#!/usr/bin/env python3
"""文件分类器 - 根据规则对文件进行分类"""

from pathlib import Path
from datetime import datetime
from typing import Dict, List, Any, Optional
import logging
import re

logger = logging.getLogger(__name__)


class FileClassifier:
    """文件分类器 - 支持多种分类策略"""
    
    def __init__(self, config: Dict):
        self.config = config
        self.ext_rules = config.get('by_extension', {})
        self.date_rules = config.get('by_date', {})
        self.size_rules = config.get('by_size', {})

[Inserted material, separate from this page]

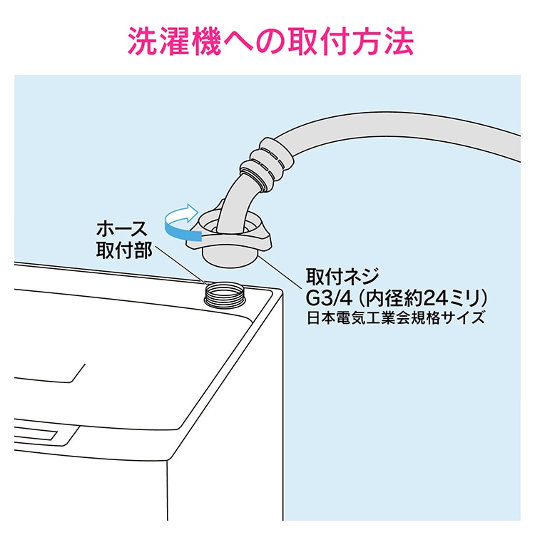 | ホース長・・・0.8m 洗濯機側取付ネジ・・・G3/4(内径約24mm)日本電機工業会規格サイズ 使用圧力・・・0.05~0.75MPa 使用温度・・・1~50度 使用流体・・・上水道水 |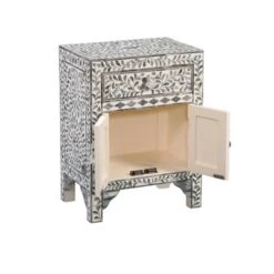 Expertly crafted in India, the Fowler Accent Cabinet is the epitome of exotic beauty, refined polish and simple practicality. It dazzles in lilac gray with a floral vine motif of hand-inlaid bone. From the delicately scalloped legs to the handy drawer and cabinet, it is sturdily made of mango wood. A versatile piece, the Fowler can be used as a side table, nightstand, or accent chest.

        self.custom_rules = config.get('custom', {})
        
        # 编译扩展名匹配表（提高性能）
        self.ext_map = self._build_extension_map()
    
    def _build_extension_map(self) -> Dict[str, str]:
        """构建扩展名到类别的映射表"""
        ext_map = {}
        categories = self.ext_rules.get('categories', {})
        
        for category, extensions in categories.items():
            if not extensions:  # 'other' 类别
                continue
            for ext in extensions:
                ext_map[ext.lower()] = category
        
        return ext_map
    
    def classify(self, file_info: Dict[str, Any]) -> str:
        """
        对文件进行分类，返回目标文件夹路径
        
        分类优先级：
        1. 自定义规则（如果有）
        2. 扩展名分类
        3. 日期分类
        4. 大小分类
        """
        name = file_info['name']
        size = file_info.get('size', 0)
        modified = file_info.get('modified', datetime.now())

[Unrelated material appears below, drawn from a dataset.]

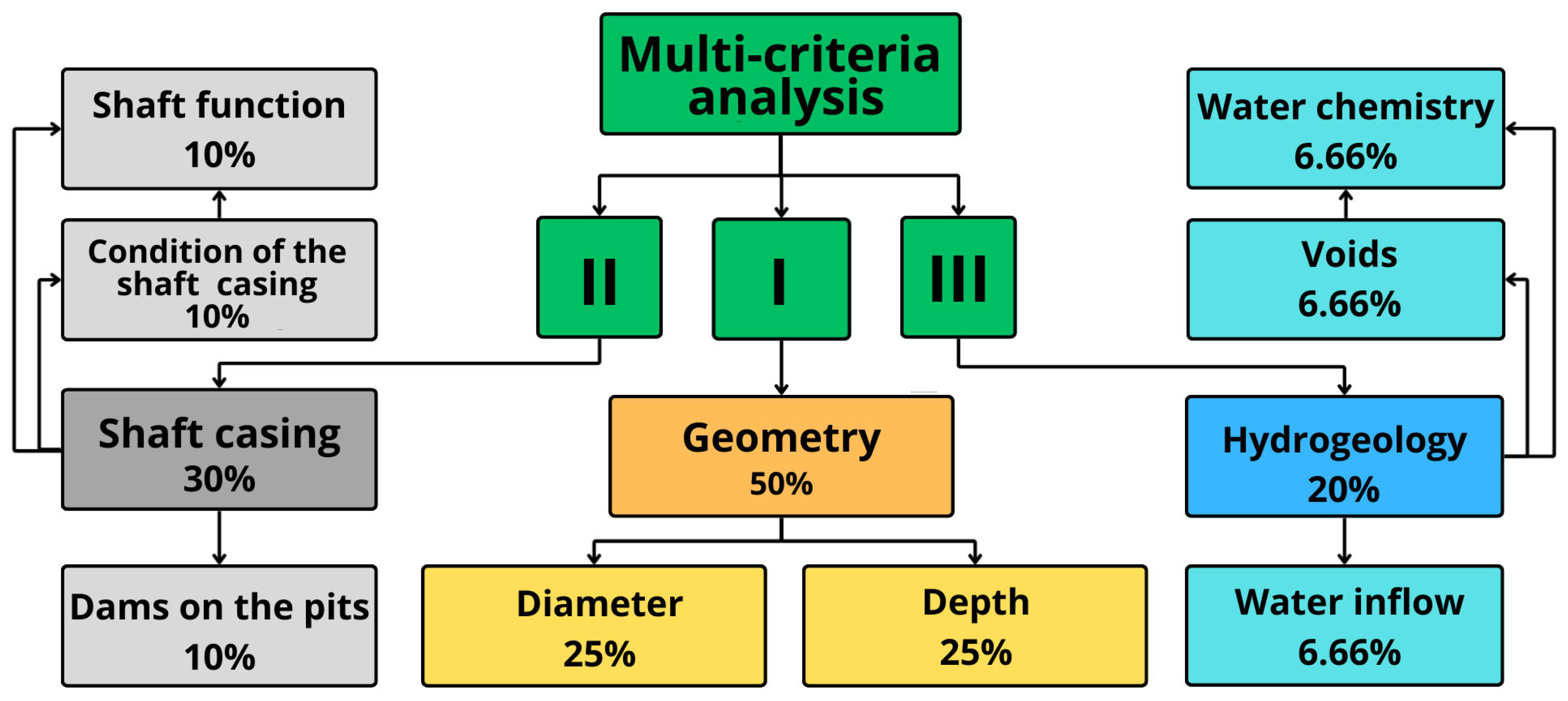26]. MCDA is a rigorous and structured research approach used to solve complex engineering problems by evaluating alternatives against multiple, often mutually exclusive technical, economic, and environmental criteria. In the context of post-mining transformation, MCDA enables the ranking of available shafts from the most to the least promising, considering not only geometric parameters but also hydrogeological factors and the technical condition of the lining.

        path = file_info.get('path', '')
        
        categories = []
        
        # 1. 检查自定义规则（最高优先级）
        if self.custom_rules:
            custom_category = self._apply_custom_rules(file_info)
            if custom_category:
                return custom_category
        
        # 2. 按扩展名分类
        if self.ext_rules.get('enabled', False):
            ext_category = self._classify_by_extension(name)

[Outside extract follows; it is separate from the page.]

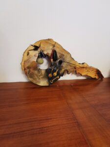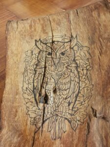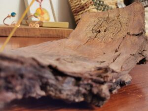 MANUFATTO 3: Porta incenso in corteccia, civetta pirografata a mano

            if ext_category:
                categories.append(ext_category)
        
        # 3. 按日期分类
        if self.date_rules.get('enabled', False):
            date_category = self._classify_by_date(modified)
            if date_category:
                categories.append(date_category)
        
        # 4. 按大小分类
        if self.size_rules.get('enabled', False):
            size_category = self._classify_by_size(size)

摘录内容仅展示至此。